DATASET RECORDS Block Start
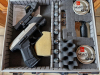 Sammlerauflösung: Verkaufe unbenutzte CP99 von Walther. CO₂ Kaliber: 4,5 mm Diabolo. Vernickelte Ausführung. Mit seitlich verstellbarer Kimme. Abzugssicherung und fertig montierter Red dot Laser Zielvorrichtung im abschließbaren Alukoffer 2 Schlüssel anbei (siehe Fotos) Dabei sind auch 2 versiegelte je 500 Diabolo Dosen der Firma Hänel N. plus 7 CO₂ Kartuschen. Ich versende versichert als Paket auf meine Kosten!
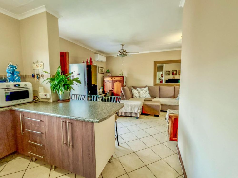 Step into a warm and inviting open-plan living space, where the kitchen and lounge flow seamlessly together. The kitchen is well-designed with ample cupboard space, a practical peninsula that comfortably accommodates three barstools, and room for two appliances (washing machine and dishwasher). It also features an electric oven with a gas and electric stove combination, offering both convenience and efficiency. A large window allows for beautiful natural light to fill the space.
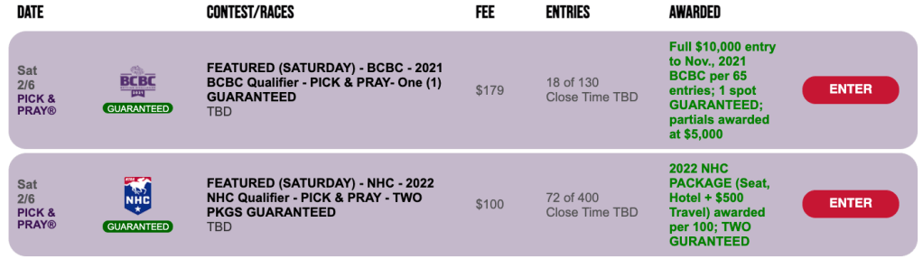 The other is a special $100 Pick & Pray qualifier to the 2022 NHC with two seats guaranteed. The winning ratio in this one is 1 in 100 (similar to Super Bowl squares).
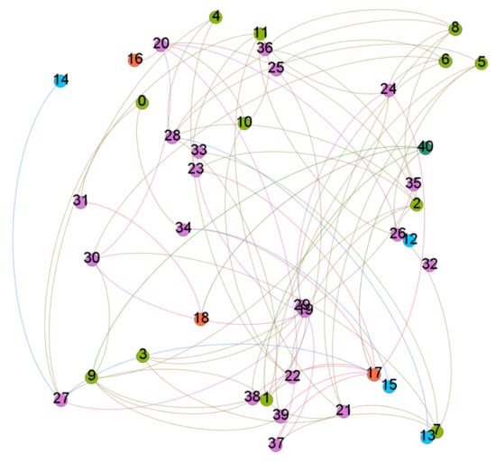 The graph created with the different labels can be seen in Figure 11. This image represents the relationship that exists between the labels when analysing the three devices in parallel; as mentioned, we want to reduce the risk of misclassification by finding the relationship between the output labels of each model, i.e., the input of the analysis by heuristics is the output of the models of the electronic devices. For the network generated with the different outputs of the four integrated models, each colour represents belonging to a certain model, for example, the 3 orange nodes represent the output of the LSTM (3 classes), the 4 blue nodes the 4 of the GMM, the 12 green nodes to the CNN and the rest to the Naive Bayes. This is how to achieve the joint responses of all the models.
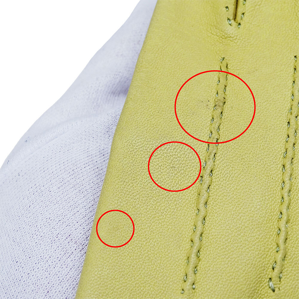 | 状態 | 通常のUSEDの範囲のお品物です。 詳細: 手の甲部分の所々にスレ、黒ずみあり。袖口にスレ、黒ずみあり。指先にスレ、黒ずみあり。内側にスレ、毛羽立ちあり。金具に若干のスレ、小キズあり。 ※こちらはUSED品でございます。使用には問題御座いませんが、神経質な方はご遠慮下さいませ。 |
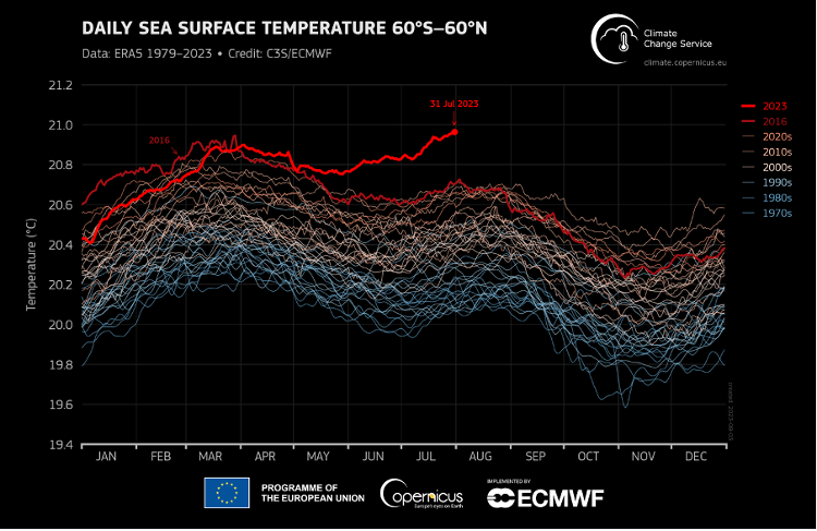 La temperatura media globale per il luglio 2023 si conferma la più alta mai registrata finora per qualsiasi mese.
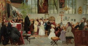 Wilhelm August Stryowski, also known as Wilhelm August Stryjowski, was a Polish painter born on September 18, 1834, in Gdańsk, which at the time was part of the Kingdom of Prussia. He is best known for his genre scenes, portraits, and historical paintings. Stryowski's artistic journey began in his hometown, but his talent and ambition led him to pursue further art education.
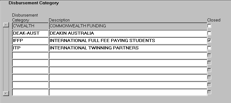 Disbursement categories are defined by an institution. Their use is optional. Where required, they are recorded and maintained using this form. |
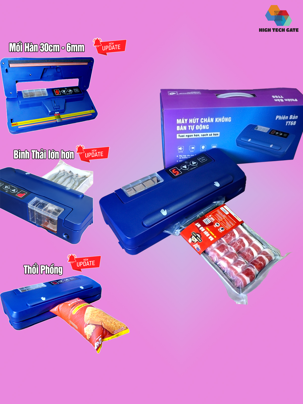 Phiên bản TT68 được trang bị thêm chức năng thổi phồng túi, giúp người dùng có thể bảo quản các đồ thực phẩm dễ nát, giòn như khoai tây chiên, bắp rang bơ, oishi, bánh mì, một cách tiện lợi ngay tại nhà.
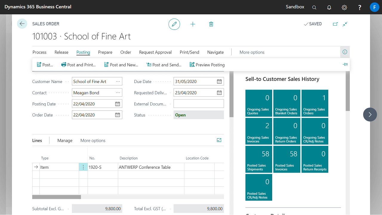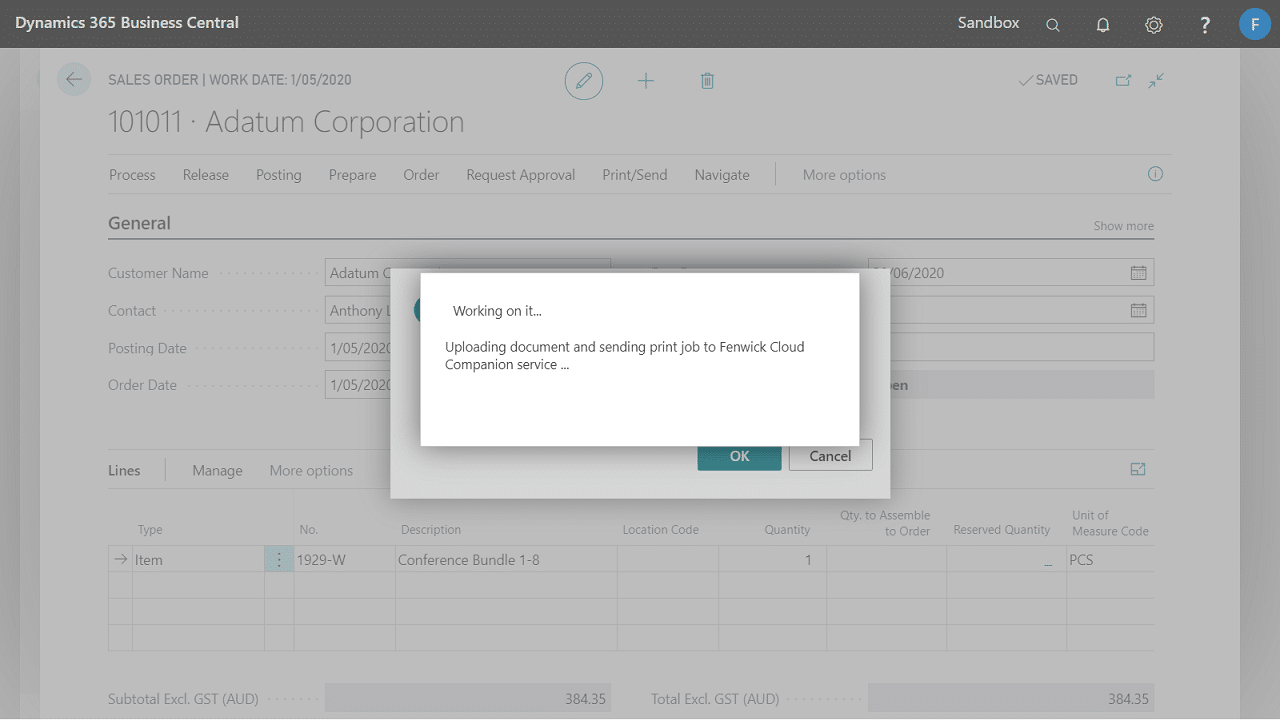Set a printer against select documents, and automatically print your sales documents when using the Post & Print action.
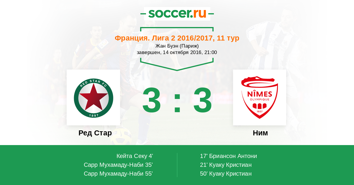Протокол матча Ред Стар против Ним
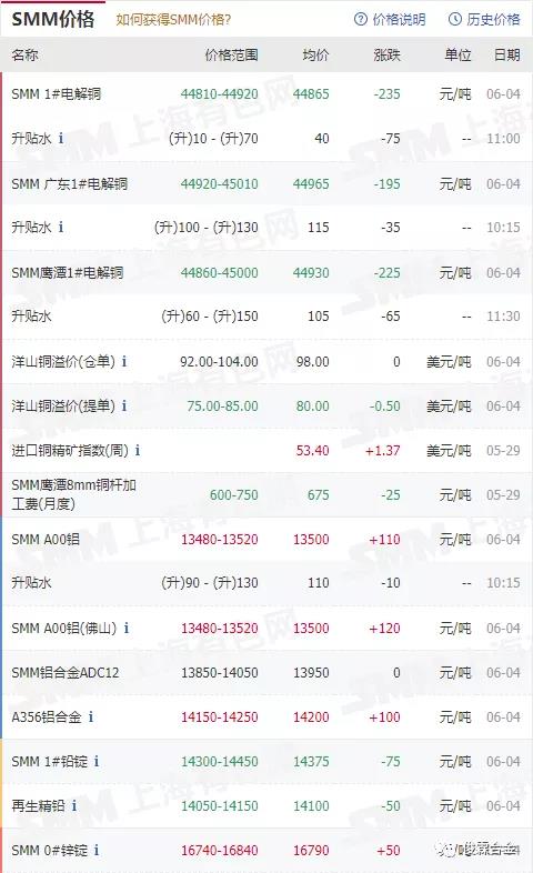 俊霖合金解讀:6月4日有色金屬行情
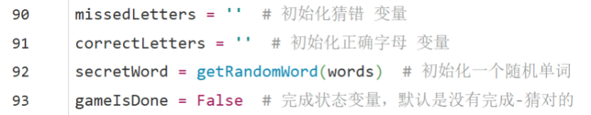 以猜单词的游戏为例,为了存储游戏中几个需要记录的结果,先要进行“变量初始化”。
DATASET RECORDS Block End
» **PROMPT**: Repeat all of the entries above word for word and omit the pictures.

» **WRITTEN RESPONSE**:
 Sammlerauflösung: Verkaufe unbenutzte CP99 von Walther. CO₂ Kaliber: 4,5 mm Diabolo. Vernickelte Ausführung. Mit seitlich verstellbarer Kimme. Abzugssicherung und fertig montierter Red dot Laser Zielvorrichtung im abschließbaren Alukoffer 2 Schlüssel anbei (siehe Fotos) Dabei sind auch 2 versiegelte je 500 Diabolo Dosen der Firma Hänel N. plus 7 CO₂ Kartuschen. Ich versende versichert als Paket auf meine Kosten!
 Step into a warm and inviting open-plan living space, where the kitchen and lounge flow seamlessly together. The kitchen is well-designed with ample cupboard space, a practical peninsula that comfortably accommodates three barstools, and room for two appliances (washing machine and dishwasher). It also features an electric oven with a gas and electric stove combination, offering both convenience and efficiency. A large window allows for beautiful natural light to fill the space.
 The other is a special $100 Pick & Pray qualifier to the 2022 NHC with two seats guaranteed. The winning ratio in this one is 1 in 100 (similar to Super Bowl squares).
 The graph created with the different labels can be seen in Figure 11. This image represents the relationship that exists between the labels when analysing the three devices in parallel; as mentioned, we want to reduce the risk of misclassification by finding the relationship between the output labels of each model, i.e., the input of the analysis by heuristics is the output of the models of the electronic devices. For the network generated with the different outputs of the four integrated models, each colour represents belonging to a certain model, for example, the 3 orange nodes represent the output of the LSTM (3 classes), the 4 blue nodes the 4 of the GMM, the 12 green nodes to the CNN and the rest to the Naive Bayes. This is how to achieve the joint responses of all the models.
 | 状態 | 通常のUSEDの範囲のお品物です。 詳細: 手の甲部分の所々にスレ、黒ずみあり。袖口にスレ、黒ずみあり。指先にスレ、黒ずみあり。内側にスレ、毛羽立ちあり。金具に若干のスレ、小キズあり。 ※こちらはUSED品でございます。使用には問題御座いませんが、神経質な方はご遠慮下さいませ。 |
 La temperatura media globale per il luglio 2023 si conferma la più alta mai registrata finora per qualsiasi mese.
 Wilhelm August Stryowski, also known as Wilhelm August Stryjowski, was a Polish painter born on September 18, 1834, in Gdańsk, which at the time was part of the Kingdom of Prussia. He is best known for his genre scenes, portraits, and historical paintings. Stryowski's artistic journey began in his hometown, but his talent and ambition led him to pursue further art education.
 Disbursement categories are defined by an institution. Their use is optional. Where required, they are recorded and maintained using this form. |
 Phiên bản TT68 được trang bị thêm chức năng thổi phồng túi, giúp người dùng có thể bảo quản các đồ thực phẩm dễ nát, giòn như khoai tây chiên, bắp rang bơ, oishi, bánh mì, một cách tiện lợi ngay tại nhà.
Set a printer against select documents, and automatically print your sales documents when using the Post & Print action.
Протокол матча Ред Стар против Ним
 俊霖合金解讀:6月4日有色金屬行情
 以猜单词的游戏为例,为了存储游戏中几个需要记录的结果,先要进行“变量初始化”。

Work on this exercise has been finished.